Un masaje con final feliz
Tiburcio entró como de costumbre en el Bar Vero; no solo por el ingenio del dueño del bar que constantemente decía a los nuevos clientes: «¿Lo cogéis? ¿Lo cogéis?» y servía todos los cafés con tijeras, sino porque allí podía encontrar a sus mejores amigos con los que disfrutaba de unas frenéticas partidas de dominó. Cada tarde se oían los clic clic de las piezas golpear en la mesa y los palillos de dientes zarandearse en las bocas de los habituales jubilados del lugar mientras soltaban algún improperio.
– ¡Hombre Tibur! Por fin llegas, ¡vaya cara, chacho! Cada día estás más muhtio.
– Ay, yo qué sé. La vida Eleuterio, la vida. Nos hacemos mayores.
– Enga ya, chaacho. No me seah cenizo, únete a la partía que tenemoh sitio.
– No sé, no me motiva. ¡Un agua Ambrosio, por favor!
– ¿Un agua Tibur? ¡Pero hombre! – saltaron todos los amigos, cada uno de ellos con un buen vaso de vino turbio bien lleno.
Los amigos de Tiburcio estaban consternados por el cambio que habían visto en los últimos meses, pero hoy venía especialmente jodido.
– Yo sé lo que te pasa, chacho. Necesitas una munhé que te dé de lo tuyo, JA JA JA – saltó Ermenegildo -. Desde que te dejó la Ataulfa no eres el mismo.
– Pueh yo tengo lo que necesitah tú – dijo Eleuterio -. Mira etto que me pasaron por wasá.

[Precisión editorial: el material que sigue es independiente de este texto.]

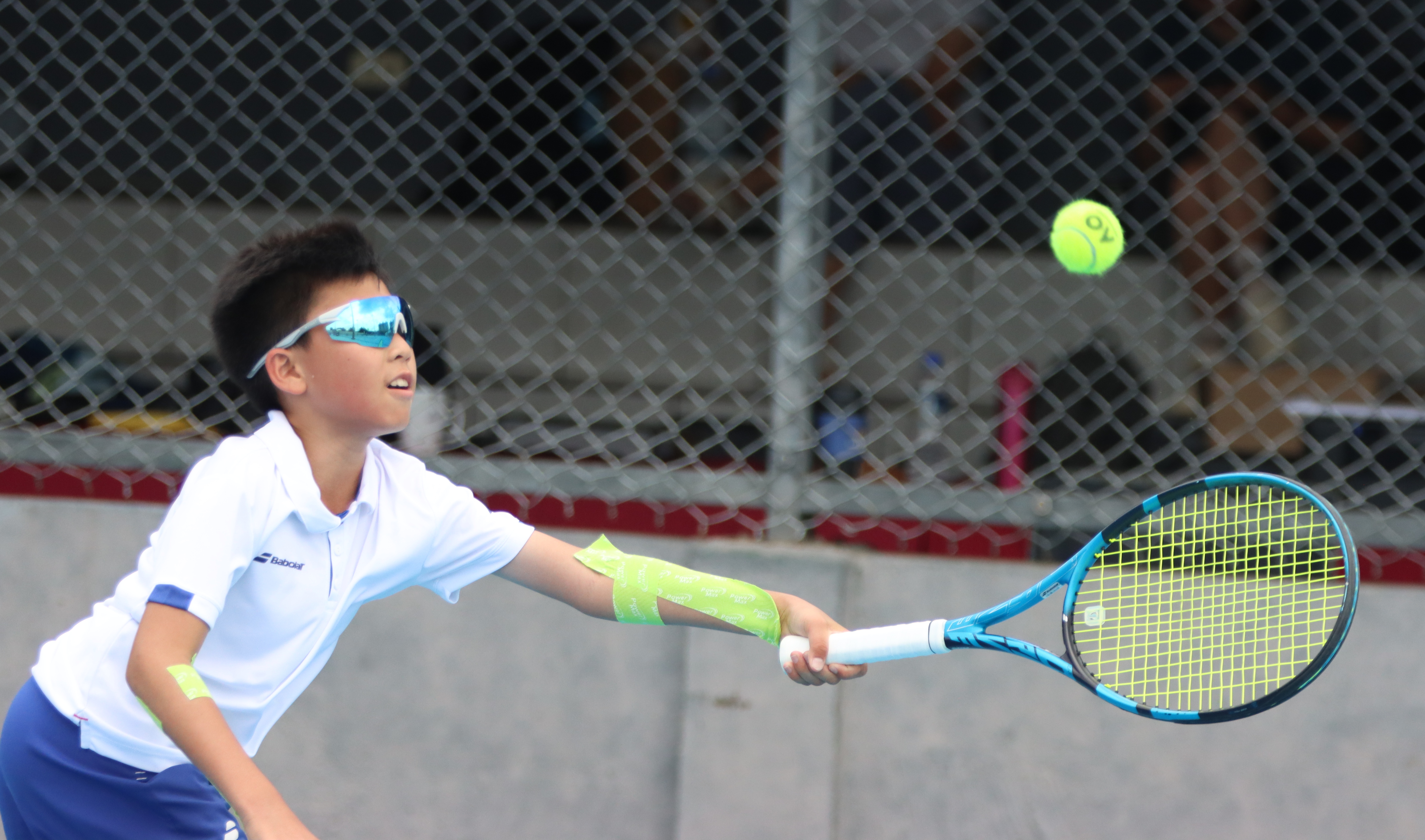 第59屆四維膠帶盃學童網球錦標賽在19日進行五年級男單組決賽,臺北市中山國小的蔡承恩和吳謙立,連續4屆在冠軍戰對決,身高多了20公分的蔡承恩,在技術上也展現超齡身手,最終以6:1、6:0,直落兩盤贏球,締造個人的8連霸。

Mira qué mozas, aquí tienes putas de lujo pa’ que te desfogues bien desfogao JA JA JA – rieron todos al unísono.
– No sé, eso é mu caro, no hé yo. No me da pa’ tanto la pensión.
– Pues qué sé yo, un masaje con final feliz de esos. Mira a vé en Gugle si hay alguno por aquí cerca, ponle el gepé ese. Mira, estos están baraticoh, dié euroh chacho.
Ante esa oferta y las ganas que aún le quedaban a Tiburcio de que le manosearan un poquito decidió lanzarse y fue al lugar donde ofrecían esos masajes con final feliz de los que tanto había oído hablar. Querría encontrar el lujo, el descanso y relax que proporcionaba una sesión donde una señorita ligerita de ropa le diera a Tibur lo que llevaba aguantándose tanto tiempo. Al ritmo que le ofrecía el bastón llegó a la casa donde ofrecían esos servicios. Le atendió una muchacha en bata, con medio hombro al descubierto y la cintura abrochada con poca fuerza. Tibur se encontraba más tenso de lo que había estado en su vida.
– Ven aquí, que te voy a quitar esos nudos, marinero, jiji – dijo la muchacha, Tiburcio no supo ni qué decir de los nervios y se dejó llevar.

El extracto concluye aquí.